Now, until recently we didn't have configured state-dir
directory and since we used K8S stateful-set, the store wasn't persisted between restarts, so application had to rebuild the state as far as I understand how kafka-streams
work.
Our logs were full of logs like below, but only with changing time (the suffix after last dot).
INFO 1 --- [-StreamThread-1] o.a.k.s.s.i.RocksDBTimestampedStore Opening store KSTREAM-AGGREGATE-my.topic.name-STATE-STORE-0000000001.1675576920000 in regular mode
However the time in millis 1675576920000
is one day ago and some are even from 3 days ago. Today I added the state-dir
to the app, but this log is still being shown all the time. Should we simply wait some time until everything be processed or we are doing something wrong?

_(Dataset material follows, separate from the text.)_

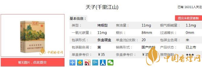 天子(千里江山)以重慶武陵生態地區優質煙葉為原料,匯聚綜合降焦與減害技術等集成應用,在降低有害氣體同時使煙氣更加清香雅致。下面便是天子(千里江山)的基本參數:焦油量:11mg 煙堿量:1.1mg 一氧化碳量:11mg.

Can someone explain to me why RocksDBTimestampedStore
is logging so much? Also, the time that is being logged from those stores is not 100 ms
as defined by windowed operation, why?
If you use a windowed aggregation, the corresponding store is actually multiple RocksDBs (so-called segments), each storing all windows for a particular time-slice. IIRC, the minimum segment size is 60 seconds.
While time progressed, new segment-stores are created (resulting in the log line you see), while older segments are cleaned up. It's nothing to worry about in general. Note, it's just an INFO log.